-- Data section follows --
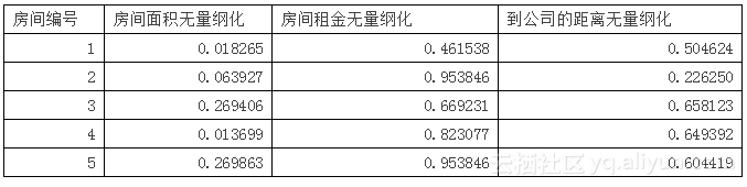 首先我过滤掉属性值超出我心理预期范围的房间,将价格大于等于2200元/月,面积小于等于8m2的房间过滤掉。过滤后的数据集中选5条数据如下:
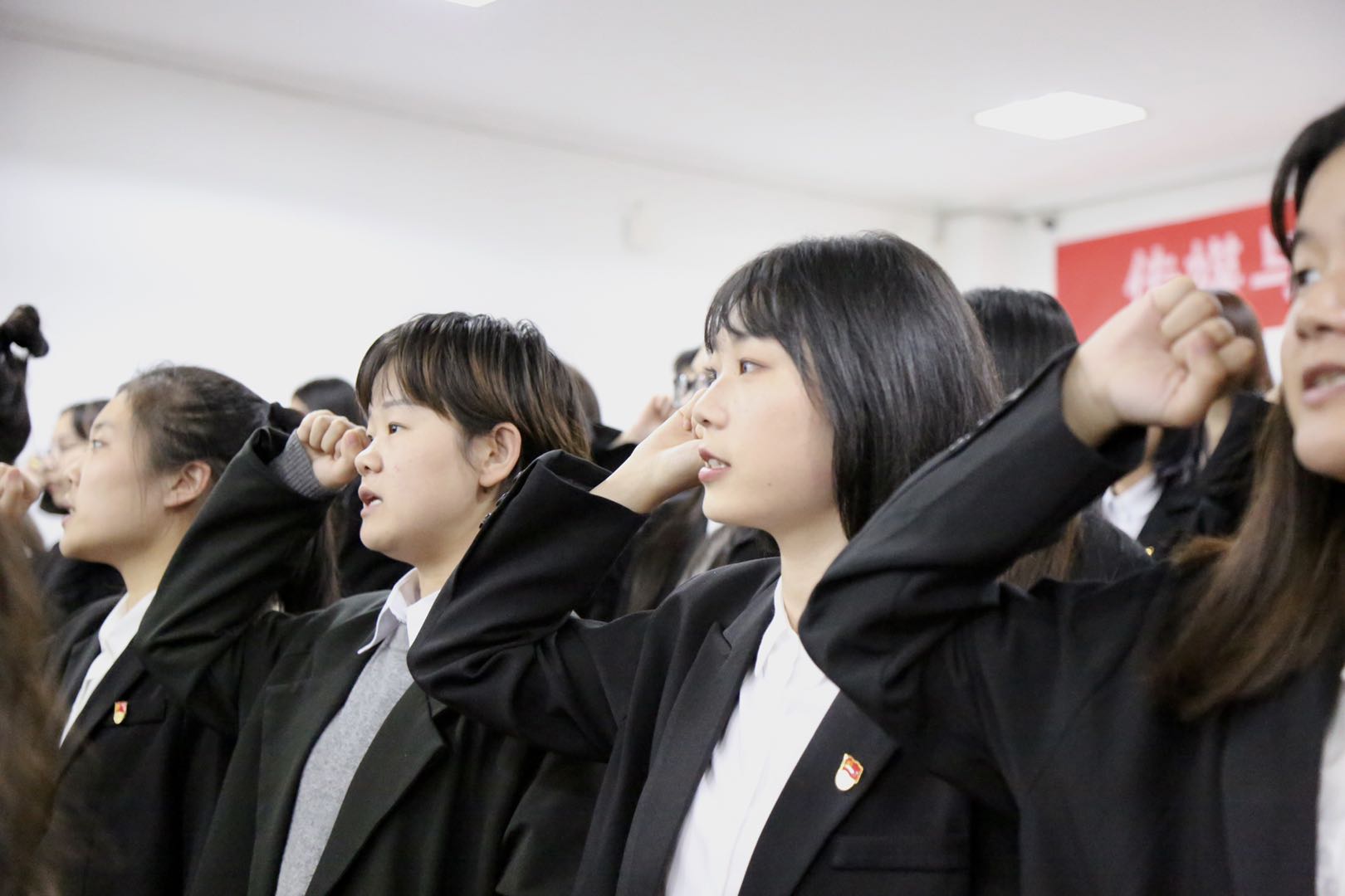 法学学生支部、法学181班王璐作为学生干部代表发言,分别从思想上、学习上、工作上三个层面表示自己会积极进取、努力奉献,为推动学院学生党建工作贡献自己的力量。紧接着,与会党员全体起立,面向党旗,庄严地举起右手握拳进行入党宣誓。在高昂嘹亮的宣誓声中,进一步增强了党员意识,激励着大家不忘初心、牢记使命。
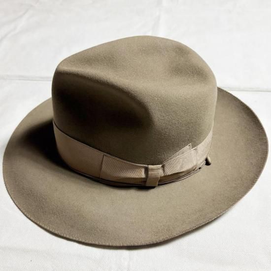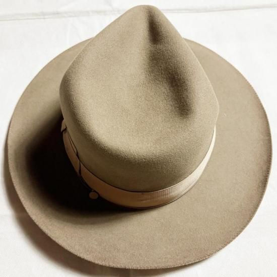 被った時のシルエットで、現行品とは異なる、当時ならではの素晴らしい雰囲気を体感できるハットです。比較的近代の物ですが、サイズやシルエットも素晴らしく、オーカーのワントーンカラーも大変高い人気を誇ります!ここまで条件の揃った超ビッグサイズの個体は中々ありませんので、どうぞお早めに!
-- Data section concluded --
Write out the material above once more, exactly as it reads, with no pictures.

 首先我过滤掉属性值超出我心理预期范围的房间,将价格大于等于2200元/月,面积小于等于8m2的房间过滤掉。过滤后的数据集中选5条数据如下:
 法学学生支部、法学181班王璐作为学生干部代表发言,分别从思想上、学习上、工作上三个层面表示自己会积极进取、努力奉献,为推动学院学生党建工作贡献自己的力量。紧接着,与会党员全体起立,面向党旗,庄严地举起右手握拳进行入党宣誓。在高昂嘹亮的宣誓声中,进一步增强了党员意识,激励着大家不忘初心、牢记使命。
 被った時のシルエットで、現行品とは異なる、当時ならではの素晴らしい雰囲気を体感できるハットです。比較的近代の物ですが、サイズやシルエットも素晴らしく、オーカーのワントーンカラーも大変高い人気を誇ります!ここまで条件の揃った超ビッグサイズの個体は中々ありませんので、どうぞお早めに!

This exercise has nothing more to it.